An exception of category 'StdException' occurred while
[0] Processing Event run: 367315 lumi: 40 event: 94344670 stream: 0
[1] Running path 'dqmoffline_1_step'
[2] Calling method for module L1TObjectsTiming/'l1tObjectsTiming'
Exception Message:
A std::exception was thrown.
vector::_M_range_check: __n (which is 18446744073709551605) >= this->size() (which is 5)
----- End Fatal Exception -------------------------------------------------
Technically this change circumvents the crashes, though it would be good if the L1T / DQM experts find the root cause.

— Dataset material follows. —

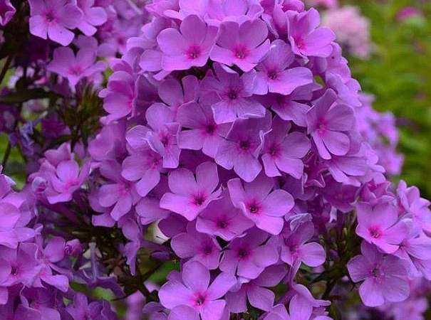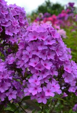 Флокс Плюш Сиреневый. Мелкоцветковый. Обладает ровной сиреневой (с розовинкой) окраской, в центре горит крошечный, но яркий пурпурный глазок. Чашевидная форма цветка придает овально- или округло-коническим соцветиям рельефность, при этом лепестки этих цветков-"звездочек" не перекрываются. Куст достигает 90-100 см в высоту. Флокс среднего срока цветения, длится оно долго.

diff --git a/DQM/L1TMonitor/interface/L1TObjectsTiming.h b/DQM/L1TMonitor/interface/L1TObjectsTiming.h
index d39f6a4fe96..42b3ff4616e 100644
--- a/DQM/L1TMonitor/interface/L1TObjectsTiming.h
+++ b/DQM/L1TMonitor/interface/L1TObjectsTiming.h
@@ -38,6 +38,8 @@ protected:
void dqmBeginRun(const edm::Run&, const edm::EventSetup&) override;
void bookHistograms(DQMStore::IBooker&, const edm::Run&, const edm::EventSetup&) override;
void analyze(const edm::Event&, const edm::EventSetup&) override;
+ template <typename T>
+ bool checkBXCollection(const T*&);
private:
edm::EDGetTokenT<l1t::MuonBxCollection> ugmtMuonToken_;
diff --git a/DQM/L1TMonitor/src/L1TObjectsTiming.cc b/DQM/L1TMonitor/src/L1TObjectsTiming.cc
index c8edfe65685..bb6cfefa67f 100644
--- a/DQM/L1TMonitor/src/L1TObjectsTiming.cc
+++ b/DQM/L1TMonitor/src/L1TObjectsTiming.cc
@@ -1,4 +1,5 @@
#include "DQM/L1TMonitor/interface/L1TObjectsTiming.h"
+#include "FWCore/Utilities/interface/TypeDemangler.h"

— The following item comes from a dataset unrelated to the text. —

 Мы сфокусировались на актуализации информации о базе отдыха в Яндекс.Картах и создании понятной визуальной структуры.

L1TObjectsTiming::L1TObjectsTiming(const edm::ParameterSet& ps)
: ugmtMuonToken_(consumes<l1t::MuonBxCollection>(ps.getParameter<edm::InputTag>("muonProducer"))),
@@ -783,25 +784,44 @@ void L1TObjectsTiming::bookHistograms(DQMStore::IBooker& ibooker, const edm::Run
}
}
+template <typename T>
+bool L1TObjectsTiming::checkBXCollection(const T*& BXCollection) {
+ // check that all the BX collections do not exceed the expected range
+ if (BXCollection->getLastBX() - BXCollection->getFirstBX() > int(bxrange_ - 1)) {
+ edm::LogError("L1TObjectsTiming") << " Unexpected bunch crossing range in "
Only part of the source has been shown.